Resuming safely also means not doing things twice. A step that already sent an email or wrote a row must not repeat that when it is re-dispatched. The workflow engine's recorded history is what makes steps replay-safe: it knows which effects already happened, so a replay reconstructs state without re-firing the side effects. Resume is not just fast. It is correct.

Swarms survive too

A single agent is the simple case. An agent can also spawn sub-agents, to parallelize work or to isolate context across separate workers. A sub-agent runs as a sub-process inside the parent's sandbox, shares its working volume, and inherits a defined subset of the parent's grants. It can never exceed the parent's permissions.

The durability story holds for the swarm without changes. The coordination between parent and sub-agents is itself a series of events on the same durable stream, not state trapped in one process's memory. So if the sandbox running a swarm dies, the coordination replays along with everything else, and the work resumes as a swarm. Every sub-agent action is attributed to both the sub-process and the parent session in the audit log, so a recovered swarm is exactly as traceable as it was before the failure.

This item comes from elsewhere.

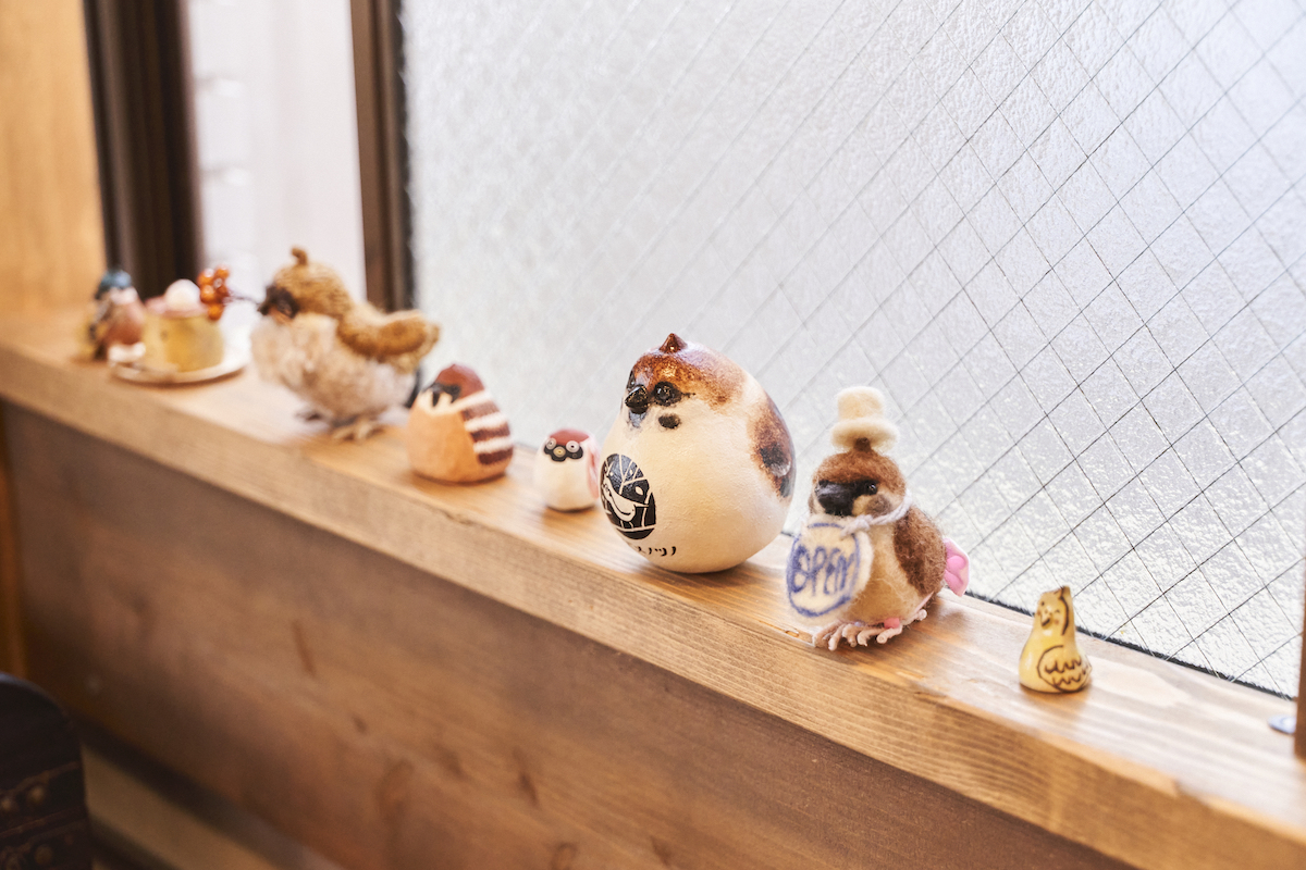 また、店内のお楽しみのひとつが、店名にちなんだツノ付きスズメの作品鑑賞です。「スズメノツノ」というユニークな店名にインスパイアされた作家さんたちが、作品を作っては持って来てくれるのだかとか。

Provisioning fast enough to hide

The recovery story depends on a new sandbox showing up quickly, and most of the time it does. The sandbox node pool autoscales, so a brand-new node takes sixty to ninety seconds to come up, but a sandbox pod scheduled onto existing capacity starts in under ten seconds. Because the pool keeps headroom, a recycled sandbox usually returns on that faster path, before the user's reconnect even finishes.

When the pool hits its ceiling, new work queues rather than failing, and capacity utilization, queue depth, and provisioning latency are exposed as metrics. The operator sees pressure building before it becomes a wait anyone notices.

The same design gives you availability for free

Once durable state lives in replicated systems, ordinary failures stop being events worth handling specially. The workflow engine keeps durable workflow state and resumes in-flight workflows after a subsystem failure. The streaming log replays across pod restarts and node failures, so session state survives them. The relational store runs across availability zones with automatic failover.

None of that is special-case recovery code living inside the agent. It falls out of one decision: keep durable state off the disposable layer. The agent does not have to know a node died. It reads the log and keeps going, and the machinery underneath quietly hands it a new machine.

Disposable compute, durable work

The two properties look like they should trade off against each other. A machine you can destroy at any moment, and work that survives for hours across machines. They do not trade off, because they describe different things. The compute is disposable. The state is durable. The line between them is drawn so that nothing you care about ever lives on the part you are willing to lose. Throw the sandbox away as often as you like. The work was never in it.